For Barentz, it was an understandably tense journey. As it turned out, it was the 28 year old Swede's first time commanding a vessel, and he was expected to not only run a hostile blockade and land contraband on an unfamiliar coast, but to do it while he had an incognito monarch on his little ship. When the Yongfrau Agathe sighted Corsica, he lost his nerve, complaining that he knew no safe anchorages here and that they should make for Livorno or Naples instead. When a sail was sighted to the north, he ordered that the ship beat out to sea; he was sure it was a Genoese warship. Theodore, the only passenger who spoke Swedish (Barentz's Dutch was atrocious), had to talk the jittery young captain down. The Yongfrau Agathe steered back towards Corsica and eventually made its way around the western coast to Isola Rossa, where Colonel Antonio Colonna, Costa's nephew, volunteered to take a small group ashore in a boat. Theodore, after all, had been gone for several months, and had no way of knowing which parts of the island remained in friendly hands. Fortunately for Colonna, Isola Rossa remained friendly, and having received his positive report Barentz sailed the Agathe into the harbor.[A]

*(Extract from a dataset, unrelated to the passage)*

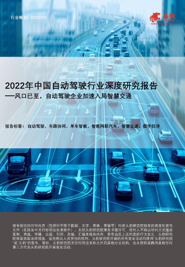 【头豹研究院】【202203】2022年中国自动驾驶行业深度研究报告:风口已至,自动驾驶企业加速入局智慧交通-26页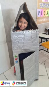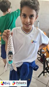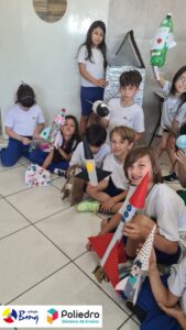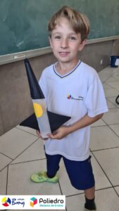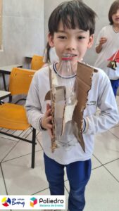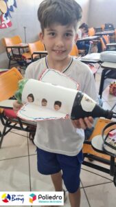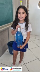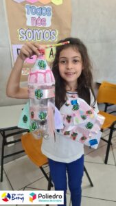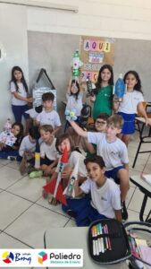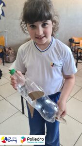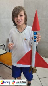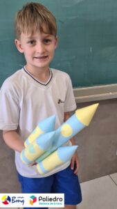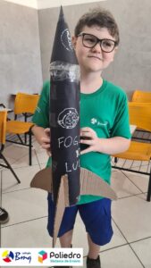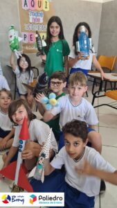 Cada aluno construiu seu próprio foguete com sucata.

It was August 20th. The king was back.
Footnotes
[1] His command was indeed nominal, which was for the best as far as his own reputation was concerned, as Austrian performance in this war left much to be desired. All duties of command were exercised for him by a general, and Francis was kept far from the army—not so much to spare him from enemy action as to shield him from the epidemics which ravaged the camp of the common soldiery.
Timeline Notes
[A] IOTL, the Yongfrau Agathe never brought Theodore to Corsica. He had been recognized at Lisbon, and then the ship was held up for several weeks by the Spanish at Oran. When the ship reached Sardinia, it encountered another Dutch vessel, whose captain informed Barentz that everyone was talking about Theodore's supposedly imminent arrival. Theodore concluded that it was not the right time for his return, as the Genoese seemed to be ready for him; perhaps his courage failed him. For whatever reason, he switched ships and returned to Holland, while Barentz continued to Corsica. Barentz landed some of Theodore's volunteers on the island, but since he could find no safe anchorage (remember, IOTL the Genoese still held all the major ports), he too chickened out and sailed for Livorno. The supplies probably never made it to Corsica. ITTL, I am assuming that the different timeline means the chance recognition of Theodore at Lisbon and the ship's detention by the Spanish never happen, and neither does the encounter with the other Dutch ship. An uneventful voyage is quite plausible, given that the second ship which sailed in 1737 IOTL—the one chartered by dell'Agata—made it to Isola Rossa with no problems (until it reached Isola Rossa, that is, because they mistakenly thought it was in rebel hands; it wasn't, and dell'Agata was arrested and executed by the Genoese authorities there). As a result, ITTL, Theodore lands safely. When I was originally coming up with this TL, that was actually my POD: Theodore lands successfully on Corsica in 1737. I ultimately decided, however, that too much had gone wrong in 1736 for a 1737 POD to be very plausible; in particular, the Corsicans held no ports, Fabiani was dead, and Paoli was still alive. Ultimately I settled on the current POD in an attempt to rectify those things.